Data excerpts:
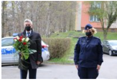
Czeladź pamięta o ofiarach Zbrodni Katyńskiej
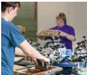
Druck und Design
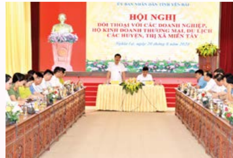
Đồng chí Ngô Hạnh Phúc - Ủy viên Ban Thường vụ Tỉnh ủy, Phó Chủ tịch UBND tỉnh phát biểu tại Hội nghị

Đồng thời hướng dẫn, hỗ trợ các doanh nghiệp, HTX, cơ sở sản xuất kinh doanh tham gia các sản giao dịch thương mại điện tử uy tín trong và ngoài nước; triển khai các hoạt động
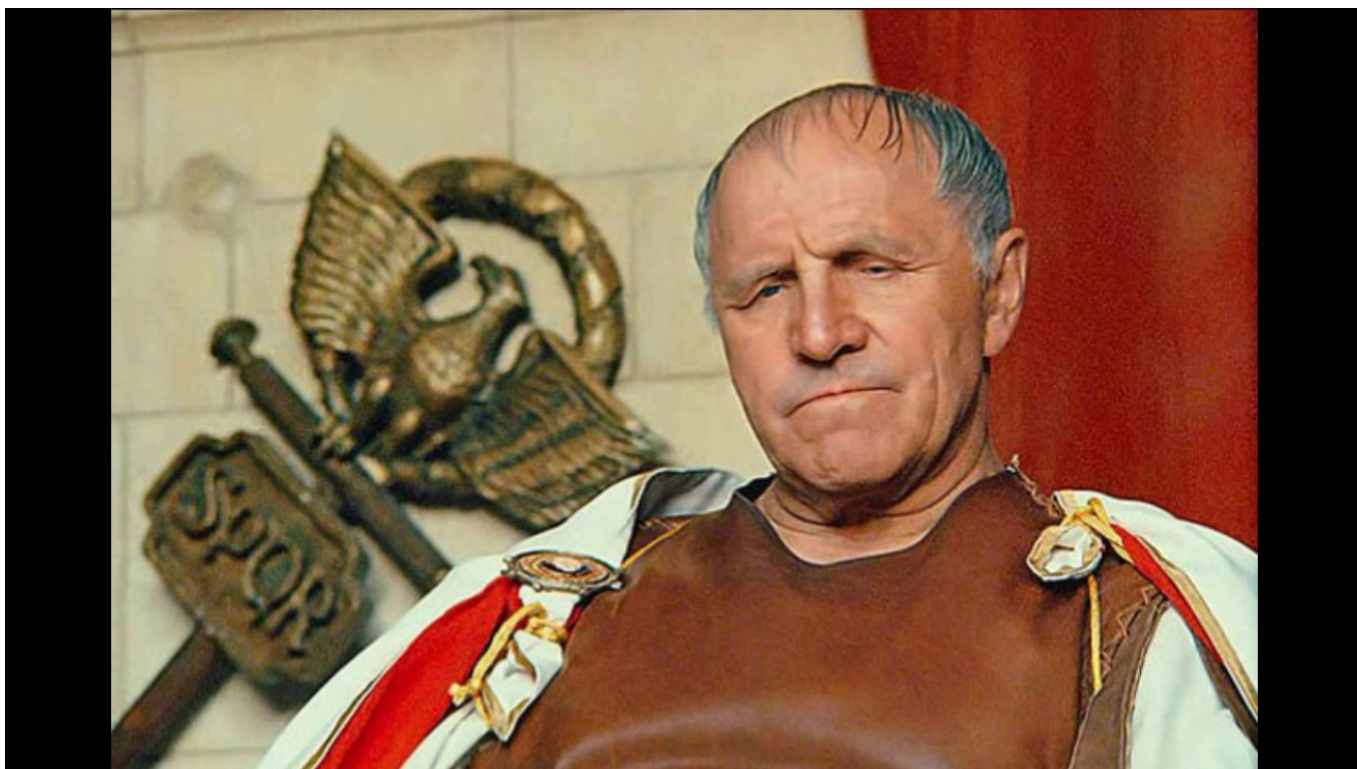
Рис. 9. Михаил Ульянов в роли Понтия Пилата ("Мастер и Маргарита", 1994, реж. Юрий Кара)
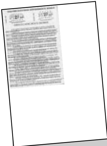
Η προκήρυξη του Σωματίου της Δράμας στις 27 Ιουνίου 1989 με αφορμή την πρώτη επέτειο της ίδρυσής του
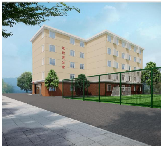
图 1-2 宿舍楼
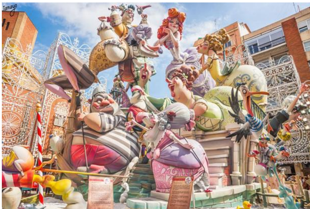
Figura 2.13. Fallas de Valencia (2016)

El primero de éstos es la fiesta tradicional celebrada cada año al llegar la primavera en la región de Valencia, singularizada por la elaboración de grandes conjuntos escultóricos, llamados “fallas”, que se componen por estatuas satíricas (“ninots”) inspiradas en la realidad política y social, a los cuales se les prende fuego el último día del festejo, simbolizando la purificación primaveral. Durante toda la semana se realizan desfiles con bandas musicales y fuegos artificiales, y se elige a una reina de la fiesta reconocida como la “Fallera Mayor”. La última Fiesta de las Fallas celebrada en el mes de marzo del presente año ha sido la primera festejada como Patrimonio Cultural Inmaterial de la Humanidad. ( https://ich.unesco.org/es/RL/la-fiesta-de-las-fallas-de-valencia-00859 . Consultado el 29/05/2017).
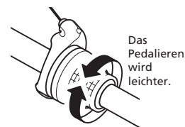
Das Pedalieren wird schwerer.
...
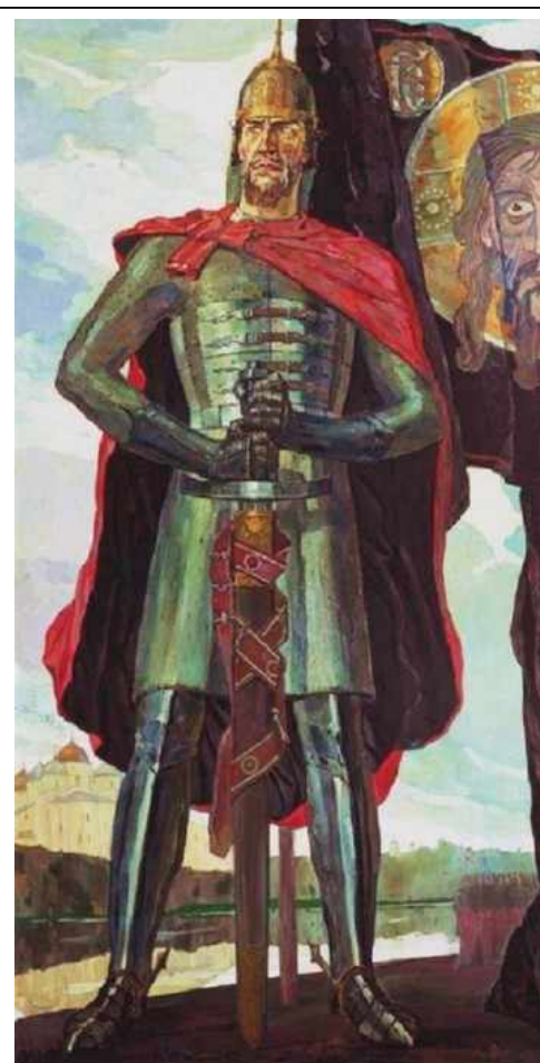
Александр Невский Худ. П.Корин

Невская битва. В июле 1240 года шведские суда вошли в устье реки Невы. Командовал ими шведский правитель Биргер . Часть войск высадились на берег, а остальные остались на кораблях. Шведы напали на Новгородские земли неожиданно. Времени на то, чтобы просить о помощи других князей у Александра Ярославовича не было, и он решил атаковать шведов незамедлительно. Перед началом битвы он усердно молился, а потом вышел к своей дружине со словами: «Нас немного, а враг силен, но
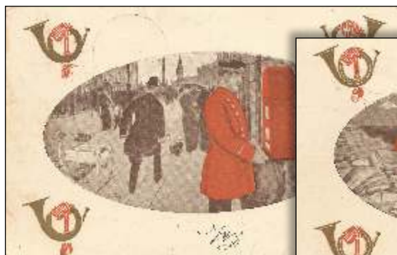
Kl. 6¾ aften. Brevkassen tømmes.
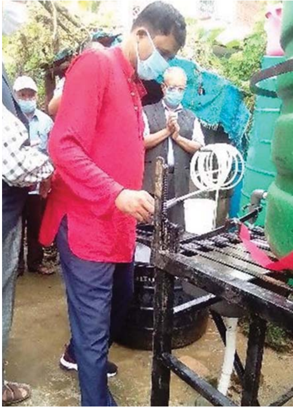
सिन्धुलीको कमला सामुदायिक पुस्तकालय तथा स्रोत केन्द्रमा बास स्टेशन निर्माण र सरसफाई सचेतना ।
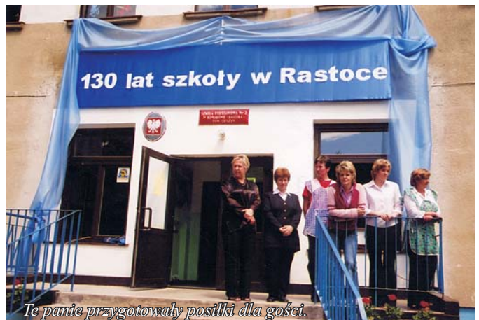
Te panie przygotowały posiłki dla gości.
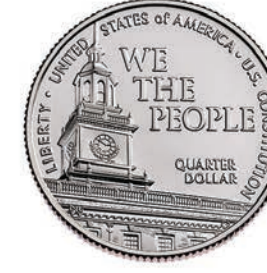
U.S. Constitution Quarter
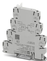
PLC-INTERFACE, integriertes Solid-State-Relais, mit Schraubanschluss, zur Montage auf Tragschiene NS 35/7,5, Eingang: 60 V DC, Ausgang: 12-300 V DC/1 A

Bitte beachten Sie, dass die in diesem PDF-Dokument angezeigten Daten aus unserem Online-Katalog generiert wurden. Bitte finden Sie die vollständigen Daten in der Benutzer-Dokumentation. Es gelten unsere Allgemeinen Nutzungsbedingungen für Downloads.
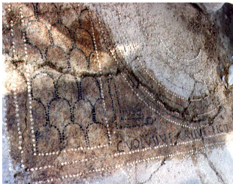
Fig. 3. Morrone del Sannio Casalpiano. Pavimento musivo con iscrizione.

• _Problem details_
What is needed is an exact copy of the lines above, from the one holding "Czeladź pamięta o ofiarach Zbrodni Katyńskiej" down to the one holding "Das Pedalieren wird schwerer.", with those two included and the pictures left out.

• _Exercise response_
Czeladź pamięta o ofiarach Zbrodni Katyńskiej
Druck und Design
Đồng chí Ngô Hạnh Phúc - Ủy viên Ban Thường vụ Tỉnh ủy, Phó Chủ tịch UBND tỉnh phát biểu tại Hội nghị

Đồng thời hướng dẫn, hỗ trợ các doanh nghiệp, HTX, cơ sở sản xuất kinh doanh tham gia các sản giao dịch thương mại điện tử uy tín trong và ngoài nước; triển khai các hoạt động
Рис. 9. Михаил Ульянов в роли Понтия Пилата ("Мастер и Маргарита", 1994, реж. Юрий Кара)
Η προκήρυξη του Σωματίου της Δράμας στις 27 Ιουνίου 1989 με αφορμή την πρώτη επέτειο της ίδρυσής του
图 1-2 宿舍楼
Figura 2.13. Fallas de Valencia (2016)

El primero de éstos es la fiesta tradicional celebrada cada año al llegar la primavera en la región de Valencia, singularizada por la elaboración de grandes conjuntos escultóricos, llamados “fallas”, que se componen por estatuas satíricas (“ninots”) inspiradas en la realidad política y social, a los cuales se les prende fuego el último día del festejo, simbolizando la purificación primaveral. Durante toda la semana se realizan desfiles con bandas musicales y fuegos artificiales, y se elige a una reina de la fiesta reconocida como la “Fallera Mayor”. La última Fiesta de las Fallas celebrada en el mes de marzo del presente año ha sido la primera festejada como Patrimonio Cultural Inmaterial de la Humanidad. ( https://ich.unesco.org/es/RL/la-fiesta-de-las-fallas-de-valencia-00859 . Consultado el 29/05/2017).
Das Pedalieren wird schwerer.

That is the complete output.